Wednesday, September 28, 2011

Secrets

So I dont have a lot of secrets, (well I guess unless you count Coy telling me where all his trains are hidden so Reed and Ryley cant find them) and this is good because I hate keeping them and more often than not forget that I even knew of certian secrets... I have too much craziness going on in my brain daily and lose track of things that are not yelling, pooping or vomiting in my direction...however I have learned a few secrets in the last few days but yes, I will be keeping them they are secrets you know :)

So I was thinking all about me and my own secrets ( like I LOVE to pick boogers from my kids noses...no joke, I really do love it its really satisfying to get a good big one!)...Anyway, today after I dropped Mia off at school I took the other 4 kiddies to Extra foods when I ran into a wonderful lady that I met at Mias dance classes last year. She is the grandmother to one of the little dancers and is a very kind, warm, funny, just plain sweet lady. She talked to me for a few minutes while I loaded my brood into the cart. She said so many beautiful things to me, about me, that I wanted to blush and then hang my head in shame at being praised so... Its so odd to hear so many wonderful things all in one sentence when usually I am just getting yelled at by the poopey pukey things I just put in my cart. I said to her something that I have said before to other people,

" Oh your too nice, dont let me fool you, its all just really smoke and mirrors! I am really struggling every day to get us all put together!"

Then after we parted I wondered, is that my big secret? My secret is that I try hard...I try SO hard to make it seem like no big deal? Why? I dont know? Maybe that way when things fall apart it can seem like it was no big deal anyway?

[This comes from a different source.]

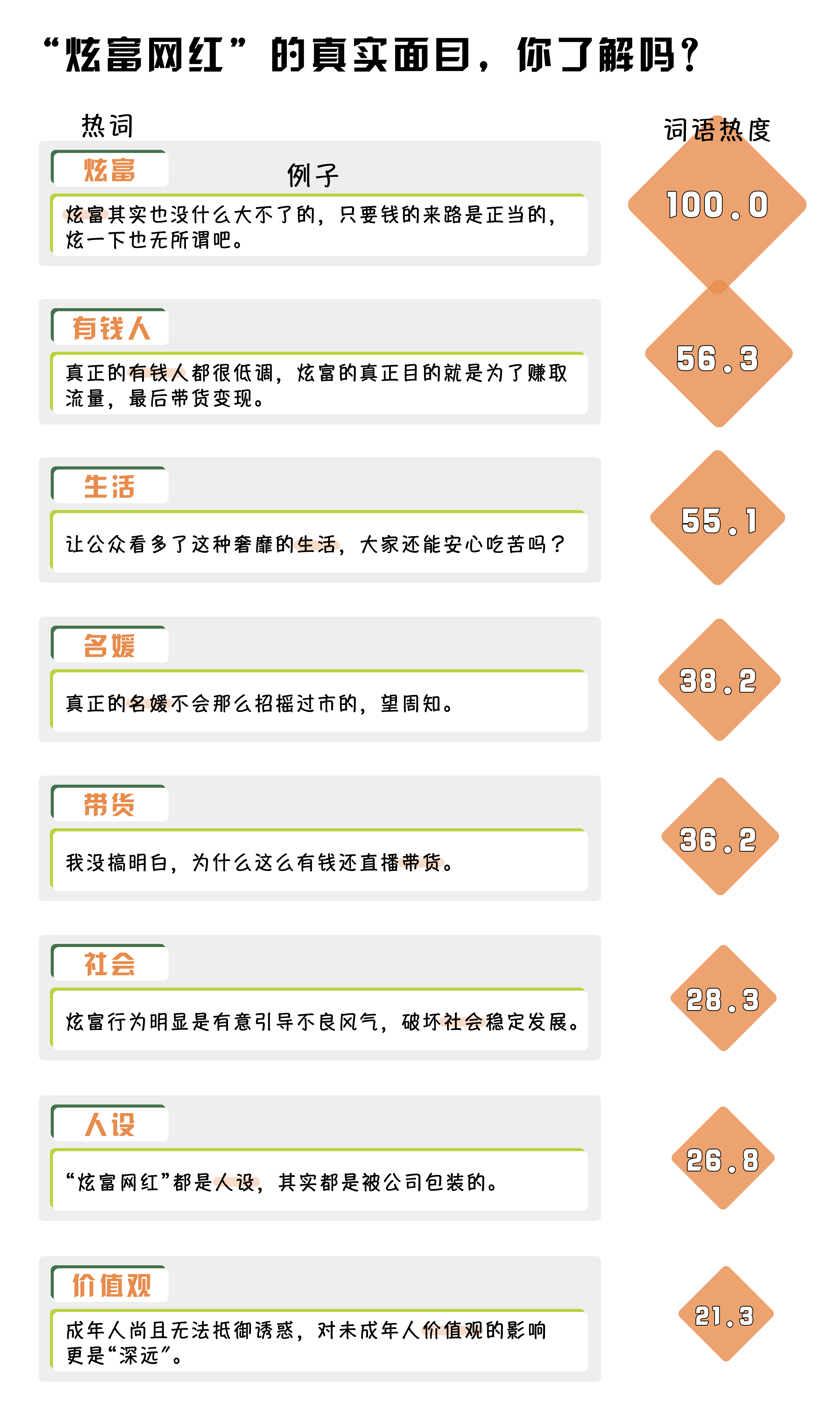 網(wǎng)絡(luò)炫富,鼓吹的是拜金主義、享樂主義、攀比主義,傳遞了扭曲的消費觀、價值觀,破壞了正向良好的網(wǎng)絡(luò)環(huán)境。

I guess this is something I just do, I think a lot of us do...let me tell you this day to day life of mine, its a lot of work, at this stage a lot of pretty darn thankless work...sometimes ( and mommies at certin playgroups I have been to can attest to this) something will happen, and I will be broken for a miute, long enough to question...I will question all that I do, and know about trying to be a good mom to these kids, how do you do that???...let alone how do you try to be a good wife, a good friend, a good daughter, a good sister at the same time...what am I even doing being a mom I have no idea what I am doing??I never even had a pet as a kid, who wold give me a baby let alone 5?!What was I thinking..

Then someone will need a new diaper or a snack or a hug and then I am brought back to reality and snapped quickly away from pondering too long on life. ...so I will continue to plug away at this stay at home mom/wife thing and continue to try my best to make it look like no big deal even when it is a big deal..because I think deep down we all must know that it really is a big deal, right?